Migration of skilled professionals in education and health
For low income economies, such as those in Africa, high-skilled emigration may have a severe impact on the health and education sectors. Emigration of doctors and nurses may reduce the likelihood of some countries meeting the Millennium Development Goals. The health sector is particularly adversely affected because it requires a balanced mix of skills of for example doctors, nurses, and midwives to be effective (Commander and others 2003). Although comprehensive data are unavailable, estimates suggest that for a number of countries emigration of health professionals constitutes a significant risk to the efficiency of their health sectors. Chanda (2001) estimates that at least 12 percent of the stock of doctors trained in India live in the United Kingdom. Perhaps one-half of the graduates of South African medical schools have emigrated to industrial countries (Pang, Lansing and Haines 2002). According to Stalker (1994), Jamaica had to train five doctors, and Grenada 22, to keep just one. In Ethiopia, more than half of pathology graduates left the country from 1984-96, about half of Pakistan’s medical graduates in any year leave, and of 1200 doctors trained in Zimbabwe during the 1990s only 360 were practicing in the country in 2001. In Ghana, a traditional high skill labor exporter, only about a third of medical graduates remain in the country (Chanda 2001).
This pattern of human capital flight, is particularly harmful to Africa, which is already at risk of failing to meet the majority of health and education MDGs. Nevertheless, it is doubtful that individual countries of origin can have a significant impact on reducing the emigration of highly-skilled workers, given the incentive for emigration. From a global perspective addressing the special needs of low income countries in these areas will require cooperation between labor exporting and labor importing countries. An alternative is for example, self restraint on the part of OECD countries such as the unilateral pledge by the United Kingdom to stop actively recruiting health professionals from developing countries.

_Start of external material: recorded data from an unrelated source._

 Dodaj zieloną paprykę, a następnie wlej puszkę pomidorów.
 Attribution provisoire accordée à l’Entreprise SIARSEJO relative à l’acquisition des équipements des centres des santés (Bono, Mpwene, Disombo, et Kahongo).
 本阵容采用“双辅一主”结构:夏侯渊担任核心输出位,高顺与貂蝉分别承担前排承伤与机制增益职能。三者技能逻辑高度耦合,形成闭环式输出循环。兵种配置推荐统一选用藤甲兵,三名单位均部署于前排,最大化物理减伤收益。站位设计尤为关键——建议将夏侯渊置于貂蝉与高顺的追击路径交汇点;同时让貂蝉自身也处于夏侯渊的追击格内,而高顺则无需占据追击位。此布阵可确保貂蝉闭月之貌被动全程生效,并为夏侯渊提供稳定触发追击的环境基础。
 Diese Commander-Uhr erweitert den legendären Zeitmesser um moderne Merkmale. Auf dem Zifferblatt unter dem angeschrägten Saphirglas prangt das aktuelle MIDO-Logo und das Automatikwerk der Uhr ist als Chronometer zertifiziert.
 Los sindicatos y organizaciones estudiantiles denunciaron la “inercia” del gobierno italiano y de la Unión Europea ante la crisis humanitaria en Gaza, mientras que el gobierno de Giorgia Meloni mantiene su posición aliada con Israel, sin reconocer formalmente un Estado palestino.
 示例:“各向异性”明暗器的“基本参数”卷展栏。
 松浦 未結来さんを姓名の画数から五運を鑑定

Bringing migrants back home
Several governments have adopted programs designed to encourage the return of highly-educated nationals living abroad. Thailand and Ireland, for example, have offered generous research funding and monetary incentives (Pang, Lansing, and Haines 2002). China has offered attractive salary packages, multiple-entry visas and access to foreign exchange. The Philippines has a 20-year history of legislation to support its diaspora, including offering a wider range of real estate investment opportunities to its nationals living abroad than to foreigners.

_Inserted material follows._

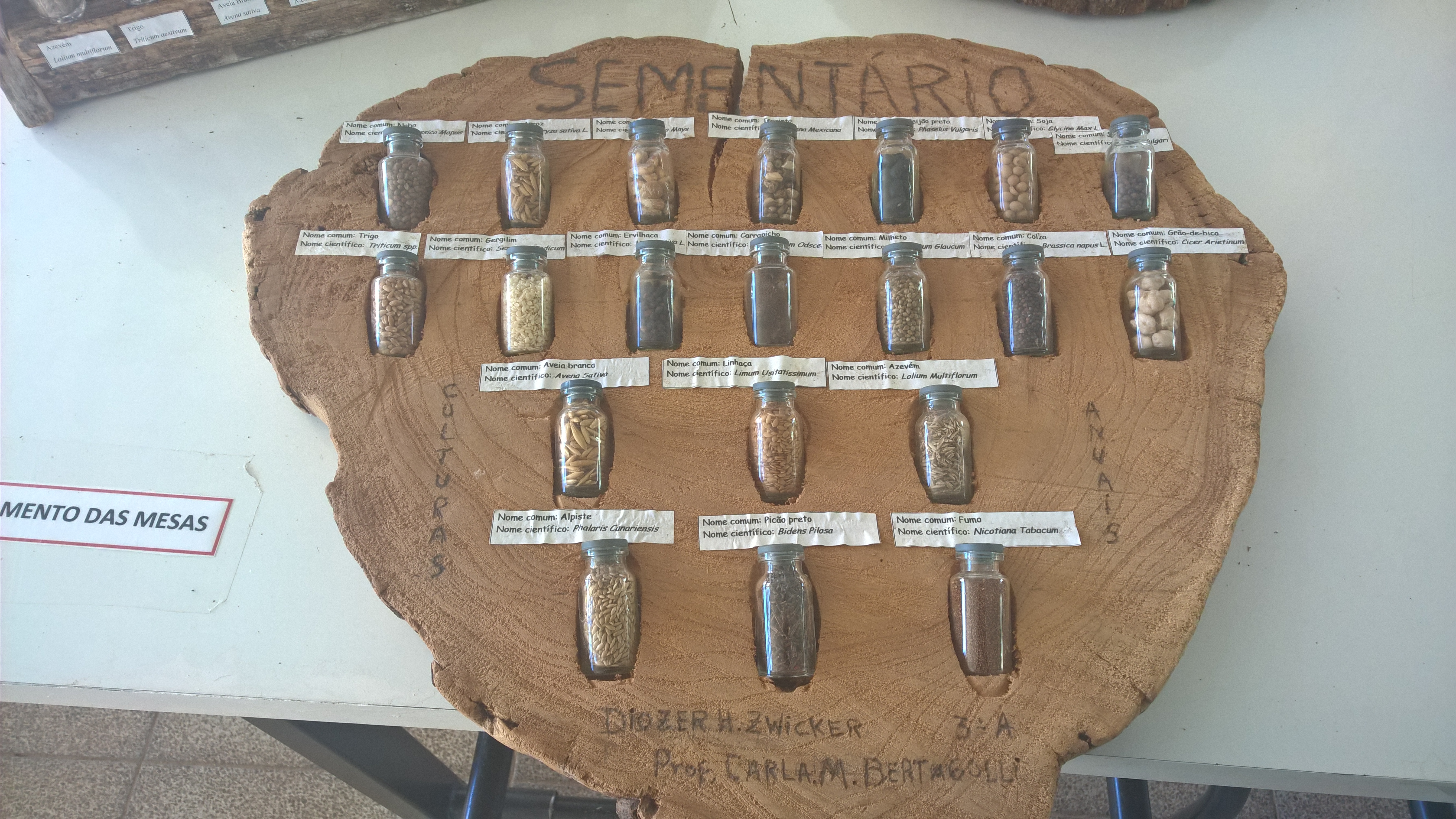 Os sementários foram propostos como atividade avaliativa das disciplinas de Agricultura II e Produção de Grãos e Sementes I, os alunos deveriam coletar sementes de 20 espécies diferentes de culturas anuais e plantas invasoras e identificá-la com nome comum e nome científico.

Among the best known success stories is the Taiwanese (China) government’s Hsinchu Industrial Park initiative, which in 2000 alone attracted more than 5,000 returning scientists. (Saxenian 2001). Chinese migrants in the Silicon Valley helped boost flows of capital, skills, and information between Silicon Valley and the Hsinchu Park in Taiwan. IT entrepreneurs in the Valley benefited from the Chinese migrants’ superior knowledge of investment opportunities and Asian market networks.
International organizations have also developed programs to promote return. The International Organization for Migration’s Return of Qualified African Nationals program successfully attracted more than 2,000 highly skilled persons back to 41 African countries over a period of 16 years (1974-1990). This concept has been expanded into the Migration for Development in Africa program (MIDA), which currently supports a variety of “return options” including investments and temporary returns.